[WORK REQUIRED]:
From the line that contains "Sáng ngày 11/4/2026, Đoàn" through the line that contains "Cream with blush", output every line of the listing below exactly and leave out all the rest.

[RECORD EXTRACTS]:
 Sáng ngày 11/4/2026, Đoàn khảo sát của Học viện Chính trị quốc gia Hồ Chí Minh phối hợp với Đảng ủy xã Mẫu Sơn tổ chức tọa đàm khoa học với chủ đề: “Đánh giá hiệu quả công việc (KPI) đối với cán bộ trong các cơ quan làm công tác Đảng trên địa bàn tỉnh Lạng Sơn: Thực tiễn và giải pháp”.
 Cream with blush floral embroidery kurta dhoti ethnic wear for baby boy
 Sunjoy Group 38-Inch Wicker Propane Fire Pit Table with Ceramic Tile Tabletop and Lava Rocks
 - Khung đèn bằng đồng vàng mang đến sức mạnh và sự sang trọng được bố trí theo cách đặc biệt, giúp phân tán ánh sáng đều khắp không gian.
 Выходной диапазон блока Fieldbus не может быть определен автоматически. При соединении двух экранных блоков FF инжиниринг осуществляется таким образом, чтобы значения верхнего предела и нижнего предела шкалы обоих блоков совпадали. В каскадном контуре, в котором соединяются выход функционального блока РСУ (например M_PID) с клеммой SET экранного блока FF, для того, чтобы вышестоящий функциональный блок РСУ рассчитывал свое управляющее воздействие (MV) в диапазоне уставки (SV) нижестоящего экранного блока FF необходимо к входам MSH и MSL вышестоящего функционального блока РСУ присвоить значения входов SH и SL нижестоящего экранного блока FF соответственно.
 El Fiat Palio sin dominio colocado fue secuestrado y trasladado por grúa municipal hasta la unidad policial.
--
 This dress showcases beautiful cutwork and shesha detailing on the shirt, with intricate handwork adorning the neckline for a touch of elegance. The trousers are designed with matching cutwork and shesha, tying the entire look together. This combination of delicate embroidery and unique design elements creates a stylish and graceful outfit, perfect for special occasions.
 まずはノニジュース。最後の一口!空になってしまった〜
==
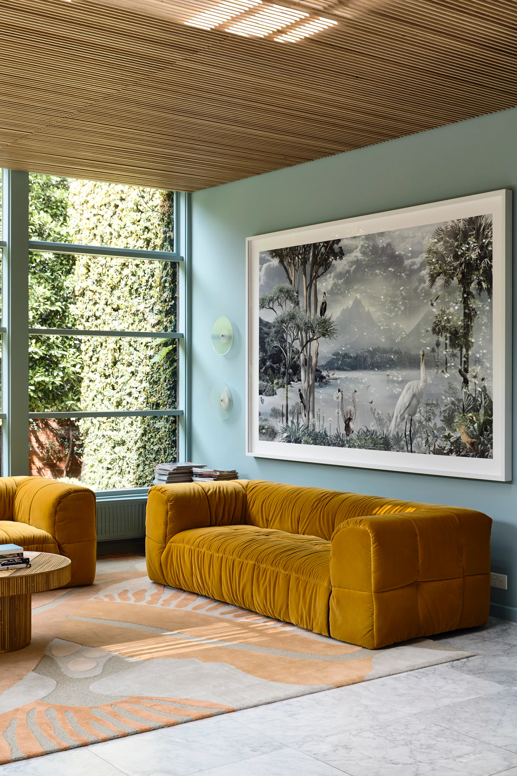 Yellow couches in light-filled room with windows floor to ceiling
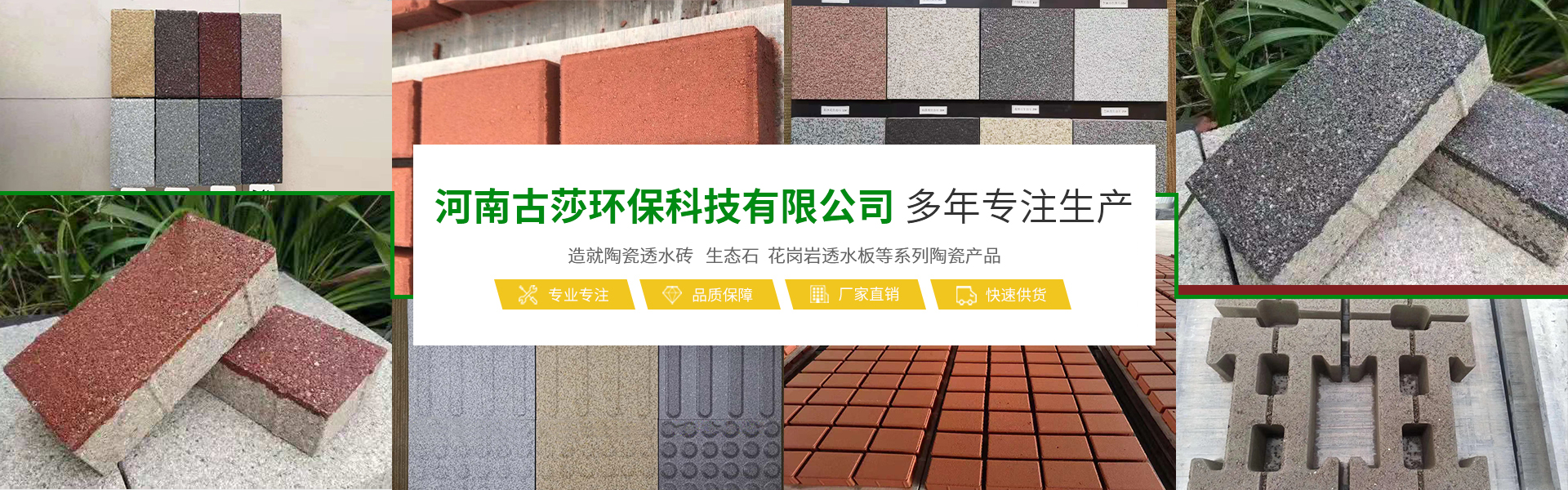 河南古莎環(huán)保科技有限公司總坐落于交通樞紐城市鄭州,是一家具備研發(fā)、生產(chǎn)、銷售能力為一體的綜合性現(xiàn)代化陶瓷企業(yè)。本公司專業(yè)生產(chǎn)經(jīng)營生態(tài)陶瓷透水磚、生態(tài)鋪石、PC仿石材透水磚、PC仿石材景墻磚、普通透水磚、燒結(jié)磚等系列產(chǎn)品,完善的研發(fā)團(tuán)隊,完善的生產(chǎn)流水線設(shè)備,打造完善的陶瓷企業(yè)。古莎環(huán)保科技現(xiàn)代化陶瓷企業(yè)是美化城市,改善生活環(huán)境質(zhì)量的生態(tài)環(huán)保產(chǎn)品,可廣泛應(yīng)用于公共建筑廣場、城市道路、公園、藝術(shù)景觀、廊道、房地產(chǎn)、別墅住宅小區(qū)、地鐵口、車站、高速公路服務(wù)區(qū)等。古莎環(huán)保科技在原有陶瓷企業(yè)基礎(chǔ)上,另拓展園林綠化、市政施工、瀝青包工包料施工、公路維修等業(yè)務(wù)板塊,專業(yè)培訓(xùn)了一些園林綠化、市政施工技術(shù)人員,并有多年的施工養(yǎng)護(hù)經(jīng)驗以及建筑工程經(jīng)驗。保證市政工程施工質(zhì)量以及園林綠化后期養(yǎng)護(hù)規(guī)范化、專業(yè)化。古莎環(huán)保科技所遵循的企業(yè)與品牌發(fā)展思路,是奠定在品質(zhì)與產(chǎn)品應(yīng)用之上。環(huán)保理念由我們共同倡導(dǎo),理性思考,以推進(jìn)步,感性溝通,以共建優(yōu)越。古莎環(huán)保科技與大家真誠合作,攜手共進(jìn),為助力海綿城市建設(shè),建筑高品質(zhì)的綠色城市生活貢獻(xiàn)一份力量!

[RESPONSE BELOW]:
 Sáng ngày 11/4/2026, Đoàn khảo sát của Học viện Chính trị quốc gia Hồ Chí Minh phối hợp với Đảng ủy xã Mẫu Sơn tổ chức tọa đàm khoa học với chủ đề: “Đánh giá hiệu quả công việc (KPI) đối với cán bộ trong các cơ quan làm công tác Đảng trên địa bàn tỉnh Lạng Sơn: Thực tiễn và giải pháp”.
 Cream with blush floral embroidery kurta dhoti ethnic wear for baby boy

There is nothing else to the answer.